Sebagai tahap awal, Timor Leste akan fokus pada unit usaha PT. Charoen Pokphand Indonesia Tbk (CPI) dan untuk pelaksanaan audit dilakukan secara Government to Government (G to G).
Tim Auditor Republic Demokrate Timor Leste yang diketuai oleh Direktur Jenderal Peternakan, Domingos Gusmao dan beranggotakan Direktur Kesehatan Hewan, Direktur Pakan, Konsul serta perwakilan KBRI di Timor Leste telah melaksanakan serangkaian kegiatan Import Risk Analysis (IRA) sejak tanggal 22 sampai 27 Januari 2018.
Kegiatan IRA diawali dengan Entry meeting dan kunjungan ke Feedmill PT. Charoen Phokpand di Surabaya, dilanjutkan ke Processing Plant di Cikande Serang dan Farm ayam broiler di Lebak Banten, kemudian ke Hatchery CPI di Kabupaten Jembrana Bali.
Tim Auditor juga mengunjungi BBVet Denpasar untuk membahas rencana kerjasama Joint Border Surveilans.
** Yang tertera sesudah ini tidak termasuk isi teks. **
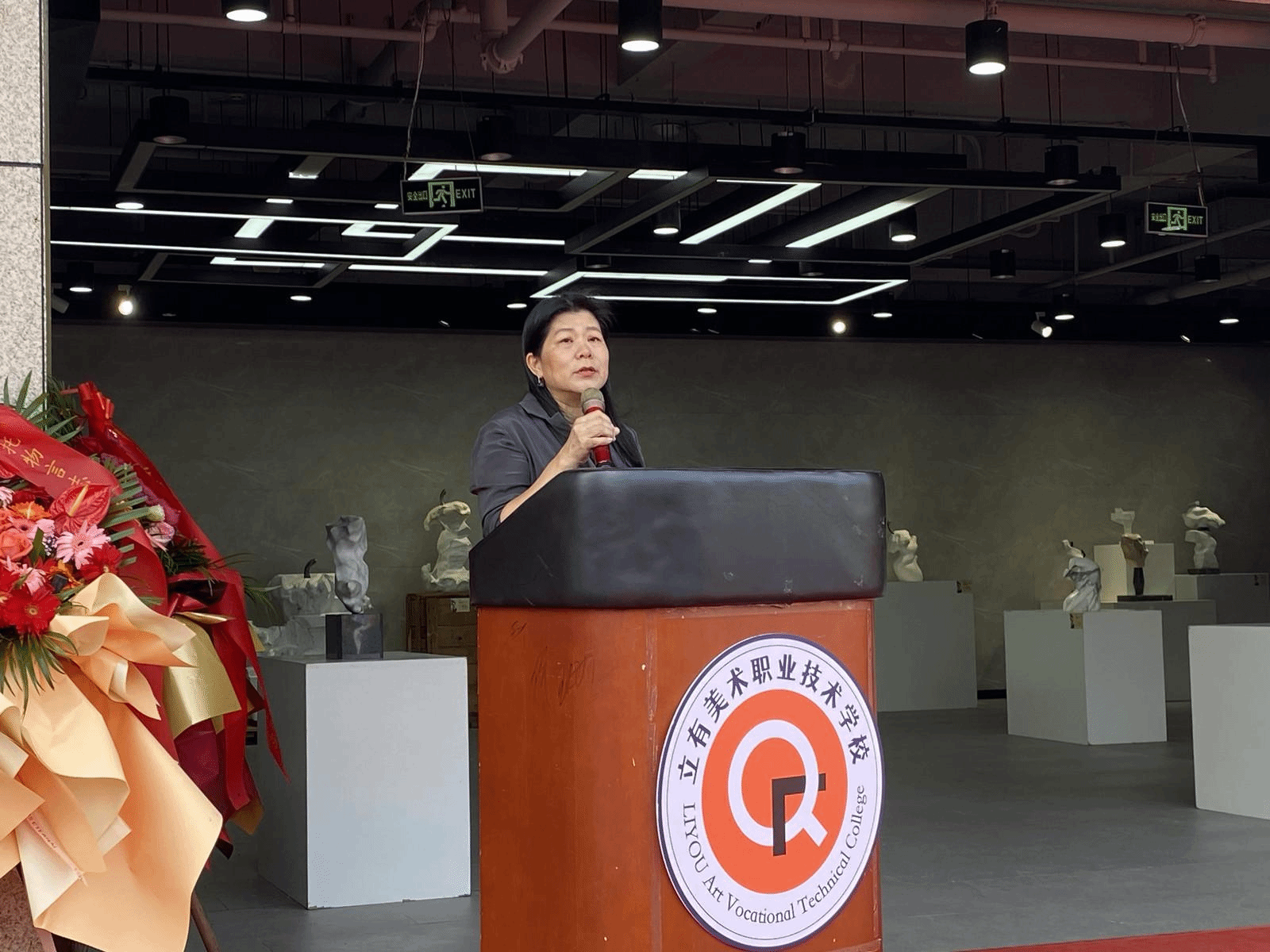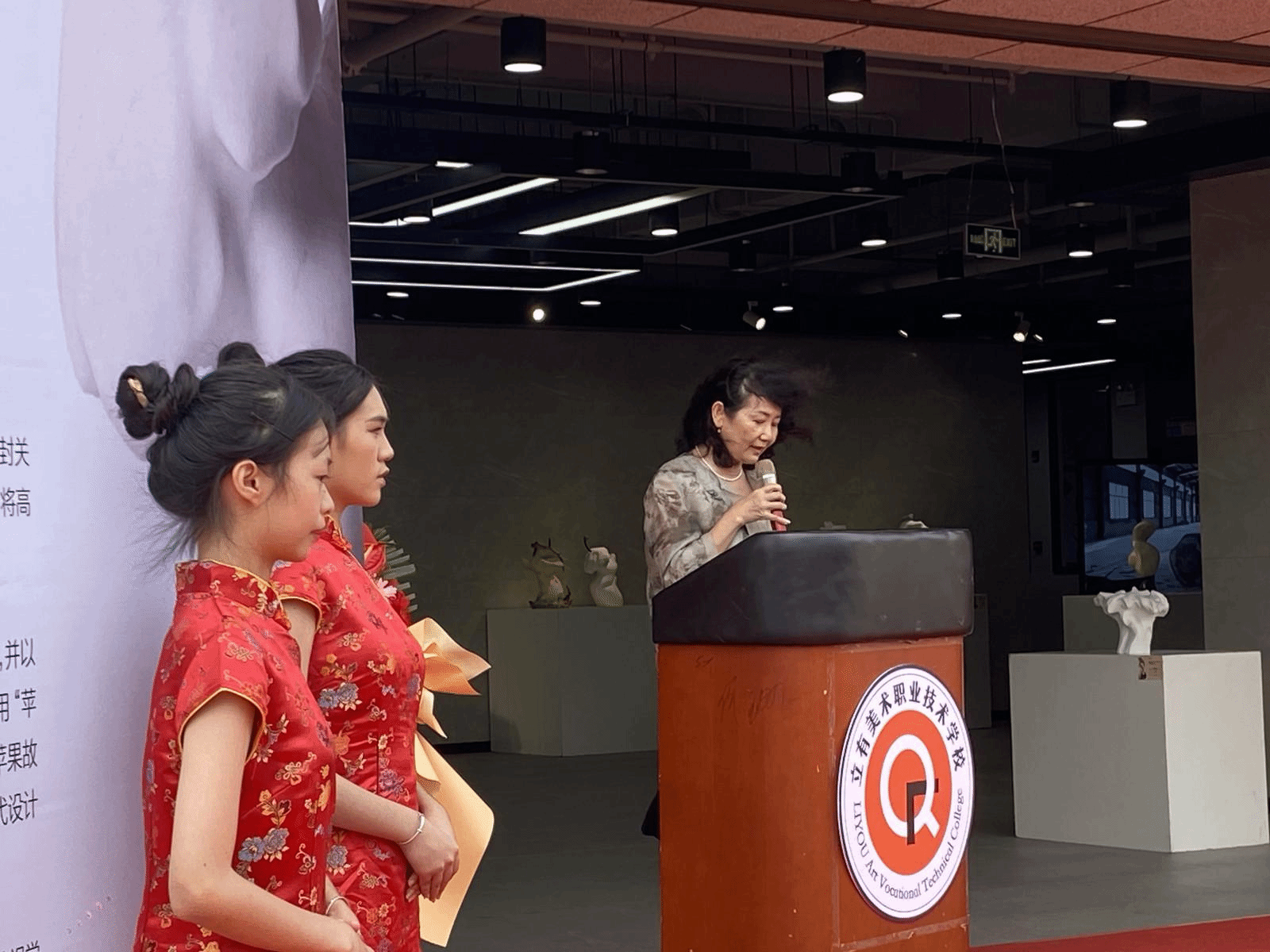 民革海南省委会秘书长黎雅对与会来宾表示热烈欢迎,并致开幕辞。首先她代表民革海南省委会对束博苹果系列雕塑展的成果举办表示热烈祝贺!她表示此次雕塑展是对中华人民共和国成立75周年的盛大庆祝,也是对海南自贸港文化艺术建设的重要推动,展览展示了中国艺术家在全球视野下对传统与现代的创新探索,体现了自贸港建设对文化产业的重视。

Selanjutnya kunjungan dilakukan ke Farm Parent Stock dan Hatchery PT. CPI yang ada di Kupang.
Misi kunjungan Tim Auditor untuk meninjau status kesehatan hewan dan keamanan pangan produk unggas dan olahannya, serta pakan pun berjalan dengan tertib, lancar dan sukses.
Pada kesempatan tersebut, Fadjar Sumping Tjatur Rasa selaku Direktur Kesehatan Hewan Ditjen PKH mengatakan, pihak Indonesia telah memberikan semua Informasi secara transparan yang dibutuhkan delegasi Timor Leste tentang potensi industri perunggasan Indonesia, perkembangan situasi dan kebijakan pengendalian penyakit Avian Influenza (AI) di Indonesia, serta implementasi Kompartemen Bebas AI di Indonesia.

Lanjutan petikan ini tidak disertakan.